Abstract
Background
The aim of this study is to investigate the association between arterial stiffness and left ventricular filling pressure in an apparently healthy Korean population.
Methods
A total of 115 healthy subjects without known cardiovascular risk factors or overt heart disease who underwent both transthoracic echocardiography and brachial-ankle pulse wave velocity (baPWV) measurement at the same day during their routine check-ups were analyzed.
Results
The mean age of study subjects was 52.8 ± 8.4 years, and 78 (67.8%) were men. The mean baPWV value was 1,325 ± 185 cm/s. Study subjects were divided into 3 groups according to E/E’ value: subjects with E/E’ < 8, 8–12.9 and E/E’ ≥ 13. As E/E’ increased, baPWV value increased gradually: baPWV in subjects with E/E’ < 8, E/E’ 8–12.9 and E/E’ ≥ 13, were 1,261 ± 163, 1,345 ± 169, 1,569 ± 232 cm/s, respectively (p < 0.001). In multiple linear regression analyses, baPWV was significantly associated with E/E’ (β = 0.371, p < 0.001) after controlling confounders including age, sex and body mass index.

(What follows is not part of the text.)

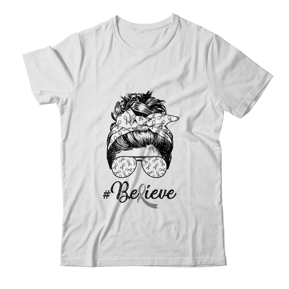 Brain Cancer Awareness Messy Bun Warrior Believe Grey Ribbon Mug

In receiver-operating characteristic (ROC) curve analysis, the sensitivity and specificity for detection of E/E’ ≥ 10 were 78.6% and 59.8%, respectively with mean baPWV of 1,282 cm/s as the cut off value. The discriminatory capacity for predicting E/E’ ≥ 10 was improved from an area under the ROC curve of 0.646 with age alone to 0.734 when baPWV was added (p < 0.001).
Conclusions
There is a significant association between baPWV and E/E’ in an apparently healthy Korean population. BaPWV is useful as a simple and non-invasive method for early detection of increased LV filling pressure among these people.
Keywords: Arterial stiffness, Association, Left ventricular filling pressure, Pulse wave velocity
Background
Stiffened artery increases pulse pressure leading to left ventricular hypertrophy and coronary artery disease [1]. Arterial stiffness has been reported to be associated with cardiovascular morbidity and mortality [2,3].
There are several methods to estimate arterial stiffness. Among them, pulse wave velocity (PWV) is generally accepted as the most simple, non-invasive and validated indicator of arterial stiffness [4,5]. Recently, the brachial-ankle PWV (baPWV) measurement, which is easy to perform, has become available in clinical practice [6]. Its validity and usefulness were proven in various clinical settings [7-12] and meta-analysis [3,13].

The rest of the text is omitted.